Nice and Renice Command in Linux With Examples
If you are a Linux user searching for a way to improve your system’s performance, manage process priorities, and allocate CPU time, then no worries! Linux is a robust operating system that supports multiple tools and commands for optimizing system performance. More specifically, two of these commands, “nice” and “renice”, allow users to adjust process priorities and allocate CPU time effectively.
This blog will cover the following aspects:
- What is Nice Command in Linux?
- What is Renice Command in Linux?
- How to Check/Verify the Nice Value of All Running Processes in Linux?
- How to Use/Utilize Nice Command in Linux?
- How to Use/Utilize Renice Command in Linux?
Let’s move ahead!
What is Nice Command in Linux?
In Linux-based systems such as Ubuntu, the “nice” command is utilized for setting the scheduling priority of a process. It permits you to modify or update the priority level of a running process or set the priority of a new process. This resultantly tells the amount of CPU time the process is allocated as compared to other processes.
Note that the priority is defined by a “nice value”, which ranges from -20 (highest priority) to 19 (lowest priority).
What is Renice Command in Linux?
The “renice” Linux command is utilized for changing the scheduling priority of an existing process. Unlike the “nice” command it does not permit you to set the priority level of a new process.
How to Check/Verify the Nice Value of All Running Processes in Linux?
There exist multiple ways for knowing the nice value of the running process in Linux, For instance, you can execute the “ps” command with the “-l” option:
Note that the “-l” option is added to print out the information in a detailed format. This information will include different fields, such as UID (user ID), PID (process ID), etc.

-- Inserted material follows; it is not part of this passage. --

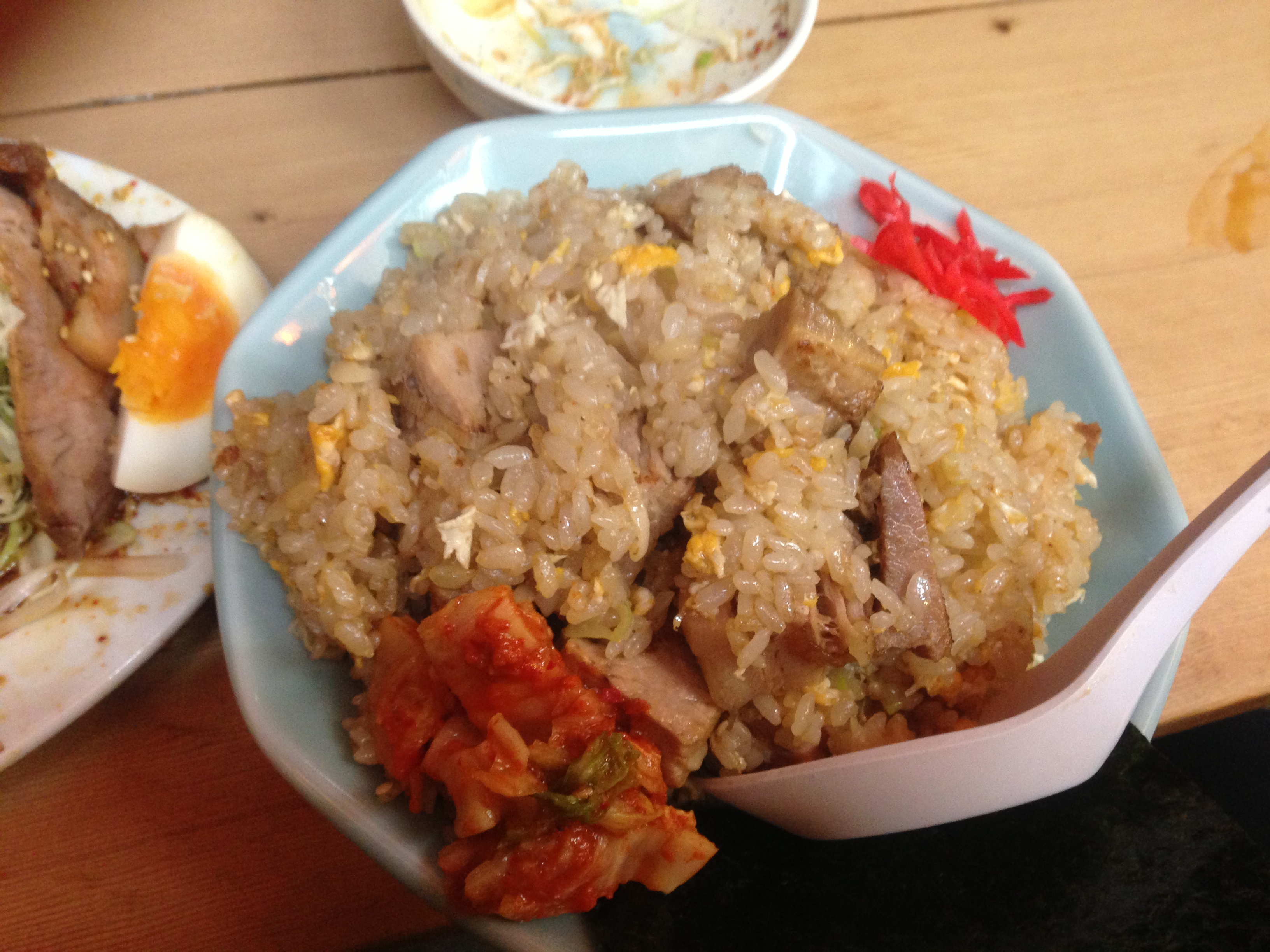 いわゆる普通のチャーハンに、キムチの付け合せ、なんだ、大したことないのに800円かよ。と、思うかもしれませんが。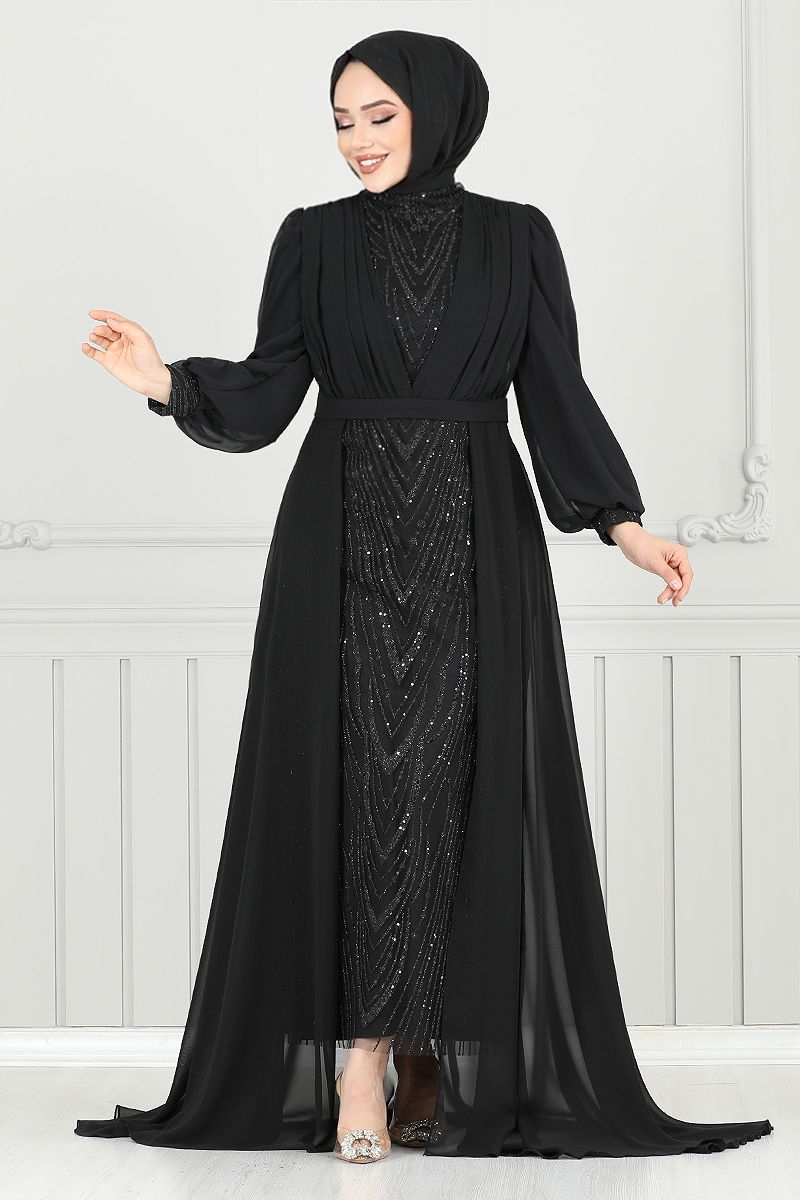 The Cape Detailed Evening Dress with Sequins combines elegance and modesty in a hijab dress design. Suitable for all four seasons, this dress is made from chiffon fabric, giving it a light and flowing feel. The semi podium collar adds a modern touch, while the lined design ensures comfort. The back zipper makes it convenient to wear. The sequin details provide a dazzling effect that will catch all eyes on your special occasions. Note: The product on the model is size 38, and excess sequins may shed. Should be dry cleaned only.

Here, the values of the NI column represent the “nice” values of all running processes:
Another approach is to utilize the “top” command in your Ubuntu terminal:
This command will print out a table containing all of the running processes that are sorted with respect to CPU usage. Moreover, the information related to each process such as its PID, priority, memory usage, and relevant nice value is also displayed:
Additionally, you can also view the default nice values for processes by the regular user as follows:
How to Use/Utilize Nice Command in Linux?

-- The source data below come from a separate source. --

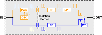 蓝色部分所示路径中处理的高速信号被电容式隔离层区分为多个快速瞬态。随后的触发器 (FF) 将这些瞬态转换成在波形和相位方面均与输入信号一致的脉冲。内部看门狗定时器 (WD) 检查 高速信号边缘的定期出现。在低频输入信号情况下,连续信号边缘之间的持续时间会超出看门狗定时器窗口。这样便迫使看门狗定时器将输出开关位置从高速路径(位置 1)改变为低速路径(位置 2)。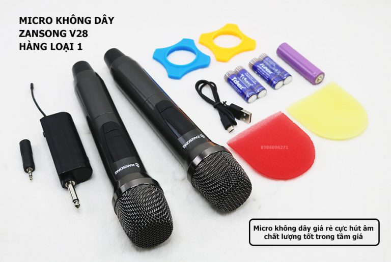 - Micro không dây đầu thu mini Zansong V28 có tay micro thiết kế đẹp, phủ một lớp sơn tĩnh điện bóng màu đen xám đem lại tính thẩm mỹ cao cho micro, khả năng cầm nắm rất tốt. Tay Micro không dây đầu thu mini Zansong V28 giá rẻ Dầu thu micro không dây V28 nhỏ gọn2. Cấu hình trọn bộ sản phẩm micro không dây đầu thu mini Zansong V28 Trọn bộ micro không dây đầu thu mini Zansong V28 bao gồm: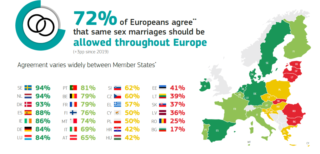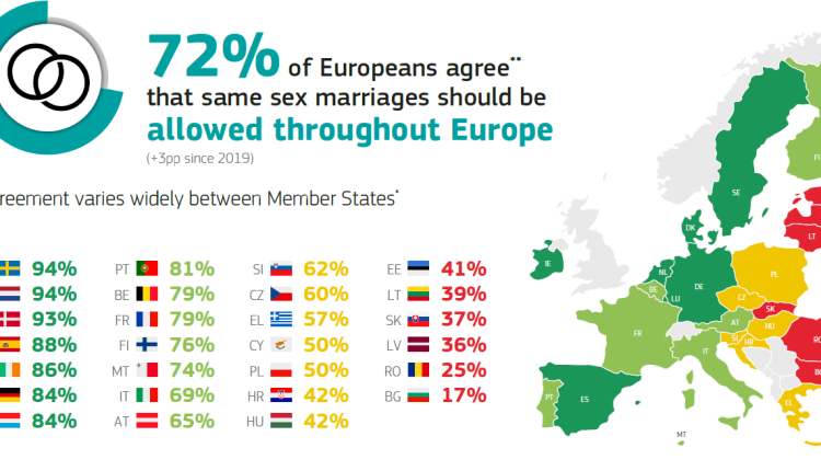 Однак, результати опитування дуже суттєво різняться для різних країн Євросоюзу: наприклад, підтримка одностатевих шлюбів варіює від 94% у Нідерландах і Швеції до 17% у Болгарії. Загальні тенденції, втім, для ЛГБТК спільноти радше позитивні: підтримка прав ЛГБТК людей поступово зростає навіть у країнах, які очолюються або донедавна очолювалися відверто гомо/трансфобними урядами, такими як Угорщина і Польща — пропаганда ідеології русского міра, під якими назвами її не маскуй, не має успіху у сучасній Європі.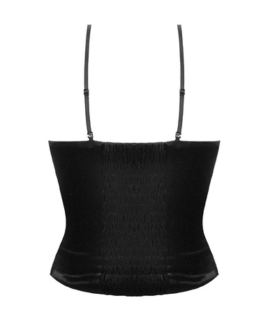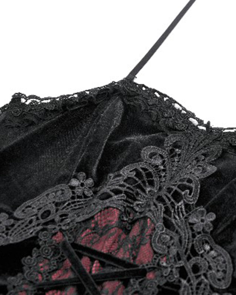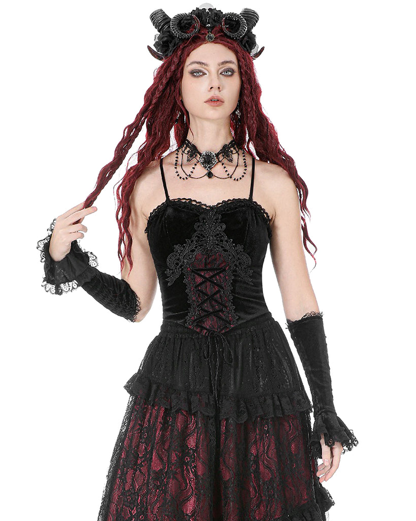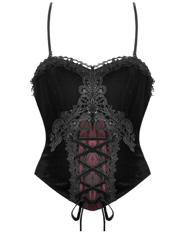Dark In Love Womens Gothic Velvet & Lace Applique Corset Top - Black & Red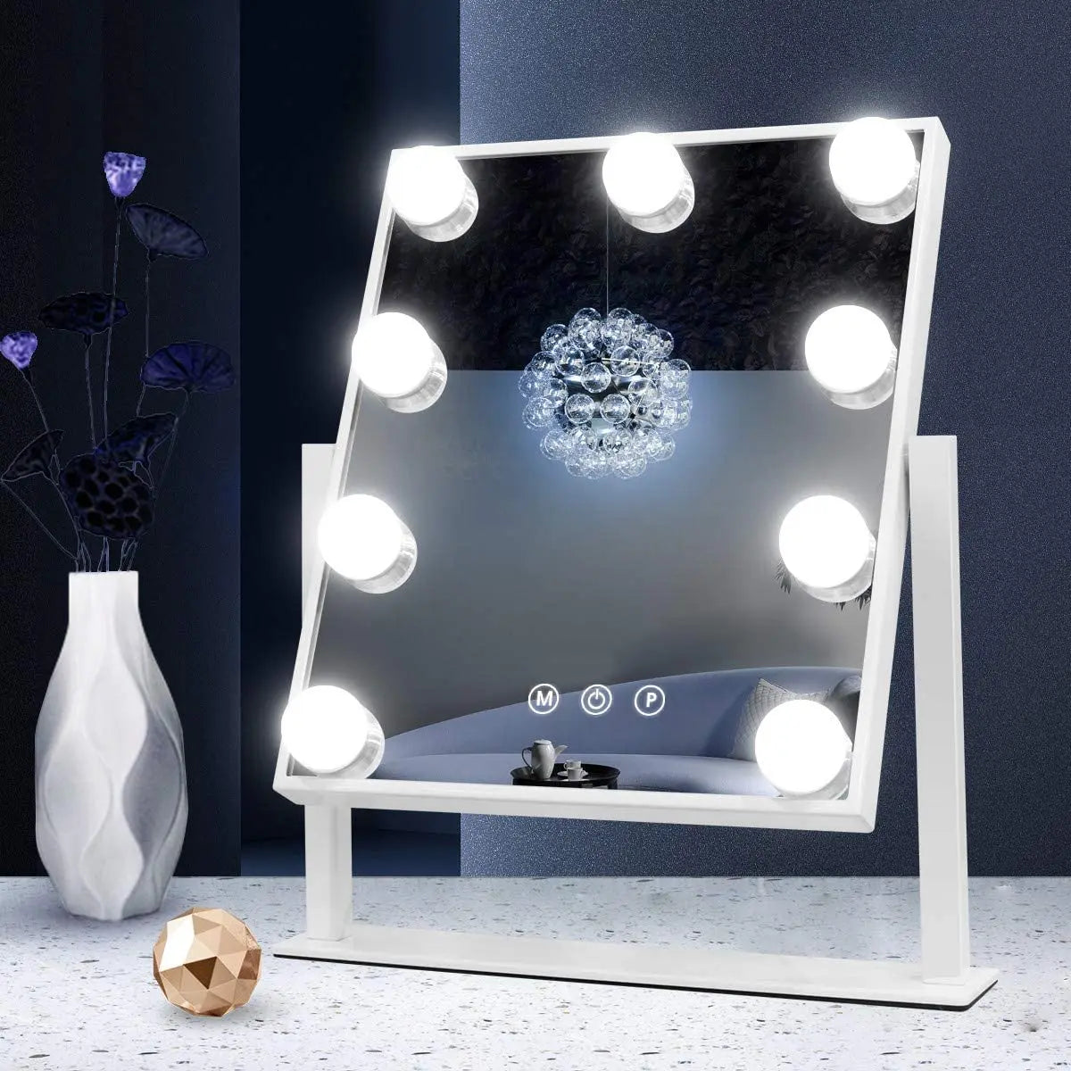 Hansong Professional Vanity Makeup Mirror choose the light closing to the light of the day, to better grasp the degree of shade. Made of high quality aluminum frame, strong, solid and varnished tinplate metal frame and base allow it to stay sturdy on table. Glossy seamless splicing frame makes the mirror more high-grade and beautiful.

In order to utilize the Nice command in Linux, check out the provided syntax.
nice [Option] [Command] [Args...]
- “nice” is the command.
- “Option” represents the optional command line options that are added to modify the behavior of the nice command. For instance, “-p” is added to set the process priority, and “-n” indicates the nice value.
- “Command” refers to the command that needs to be executed with the modified priority.
- “Args…” are the optional arguments.
Example: Downloading a File and Setting its Nice value
For instance, in the provided example, we will download the WordPress installation file by utilizing the wget command and then set its nice value as “1”:
nice -1 wget https://wordpress.org/latest.zip
Bonus Tip: Setting a Negative Nice Value
In order to set a negative nice value, add double hyper in the same command and run the command with sudo privileges:
nice --1 wget https://wordpress.org/latest.zip
How to Use/Utilize Renice Command in Linux?
In order to use Renice command, have a look at the provided syntax.
renice [-n] priority [-g|-p|-u] ID
- The “-n” option indicates the value as the new nice value. This value can be positive or negative as per requirements.
- “priority” refers to the new priority which should be between -20 to 19.
- “-g” indicates the process ID is a group ID.
- The “-p” option signifies that the process ID is a process ID.
- The “-u” option indicates that the process ID is a username.
- The “ID” argument refers to the ID of the process group, single process, or user whose priority needs to be changed.
Example: Modifying the Nice Value Using Renice Command
In this example, we will modify or update the nice value of the gnome-terminal process. Before doing so, firstly, we will verify its current value:
ps -el | grep gnome-terminal
It can be observed that the current nice value is set to 0:
Now, we will set its nice value to “1” with the help of mentioning the process ID as 1103:
sudo renice -n 1 -p 1103
As you can see, the output signifies that 1 is set as the new priority:
However, in order to modify the property of all of the processes of a specific user at once. Use the “-u” option and mention the username:
sudo renice -n 1 -u author
Similarly, you can set the priority of all processes of a particular group by utilizing the “-g” option with the group name.
That was all about using nice and renice commands in Linux.
In Linux-based systems, understanding process priority in Linux is crucial for optimizing system performance. More specifically, the “nice” and “renice” commands offer users a powerful tool for modifying or updating the process priorities and allocating CPU time accordingly. By utilizing these commands effectively and implementing best practices, you can enhance the system’s responsiveness and efficiency. This blog discussed the usage of the nice and renice commands in Linux with examples.